Мое мнение о ТББ резко критическое, «Хрусталев» меня потряс, но я его не пересматривал с того самого лета 2000 года в кинотеатре «Молодежный» на Садовой, 12.
Боюсь, что на малом экране на кухне это будет не то.
Главное Володарский уловил: низкая витальность Германа привела к тягомотным и пессимистичным фильмам, особенно в поздний период жизни, тут еще наложилась и ситуация в стране.
И если уж говорить о еврействе, то Герман более от него зависим - его мать еврейка (
хотя нет - она тоже русская еврейского происхождения), и он с ней жил, тогда как у Володарского отец был евреем, но он отца и не знал, поскольку тот погиб в 1941 на фронте, в год рождения сына.
Мать же его русская, и окружение было русское, что и повлияло, очевидно, на неприятие Володарским позиции ряда отщепенцев от России. Так мы переходим к его интервью 2012 года.
ИНТЕРВЬЮ ЯМПОЛЬСКОЙ В ГАЗЕТЕ «КУЛЬТУРА» (ТУТ ЕЩЕ И О ВЫСОЦКОМ)
«культура: Михалкову не свойственно про других рассказывать.
Володарский: Мы пили очень сильно. Он крепкий, его свалить невозможно. Раньше-то он был худой, длинный такой, и волосы длинные - прямо итальянец. Здоровый, да, плечи у него широкие. Но все равно, даже если по весу брать, он выпивал очень много, его трудно было перепить... Эх, сколько я здесь денег оставил... Сейчас вспоминаю, аж дурно.
культура: Новый Дом кино можно было построить?
Володарский: Вот, точно! Я все 70-е годы получал около четырех тысяч рублей в месяц. Притом что зарплата министра была восемьсот рублей. У меня пять фильмов лежали на полке, зато я выбился в ведущие драматурги. Мои пьесы шли по всему Союзу.
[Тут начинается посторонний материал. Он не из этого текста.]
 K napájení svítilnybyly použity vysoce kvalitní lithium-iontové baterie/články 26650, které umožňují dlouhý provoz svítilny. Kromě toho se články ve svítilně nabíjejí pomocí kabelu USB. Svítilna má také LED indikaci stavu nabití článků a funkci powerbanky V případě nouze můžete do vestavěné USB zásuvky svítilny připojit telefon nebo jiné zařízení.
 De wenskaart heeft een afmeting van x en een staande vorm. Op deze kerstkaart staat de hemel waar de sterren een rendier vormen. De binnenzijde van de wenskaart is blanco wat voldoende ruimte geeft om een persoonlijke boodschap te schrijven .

Две во МХАТе, у Ефремова: «Долги наши» и «Уходя, оглянись». В Вахтанговском шла «Самая счастливая», в Ермоловском - «Звезды для лейтенанта», в Пушкинском «Яма». Но мы с Володькой умудрялись все пропивать. Я приезжал в «охранку» - охрану авторских прав в Лаврушинском переулке. Мол, денег взаймы не дадите? Нам надо! Тетка с ужасом говорит: мы же вам только что перевели 3800, мы в долг не даем. Поднимали реестр, там колонки городов, где идет спектакль… Ах, ну что же делать, полторы тыщи вам хватит? Володька кивает: хватит. Я им: мол, хватит... Ужас, ужас...
культура: И когда этот период в Вашей жизни закончился?
Володарский: Со смертью Володьки...
культура: Кстати, о фильмах Андрея Смирнова. Вы один из самых яростных критиков ленты «Жила-была одна баба». Что именно Вас так задело?
Володарский: Неуважение к людям. Незнание людей. Нелюбовь. Их ведь газом травили - крестьян. Тухачевский травил, которого теперь пытаются представить невинной жертвой Сталина. Детей расстреливали. Если до пояса взрослому доставал мальчик - стреляли. Требовали от крестьян сдать оружие, а они не сдавали. А в этом фильме показывают каких-то червей, которые ползают, насилуют всех кого не лень... Картинки из мира животных. Но они же люди. 60 миллионов пудов хлеба в 1913 году Тамбовская губерния вывезла, половину - за границу. И когда у них все начали отнимать, они поднялись. Разве черви, которых он изобразил, способны на такое сопротивление? Это в его представлении, в Андрюшином. Он об этом ничего не знал и знать не будет, он писательский сынок.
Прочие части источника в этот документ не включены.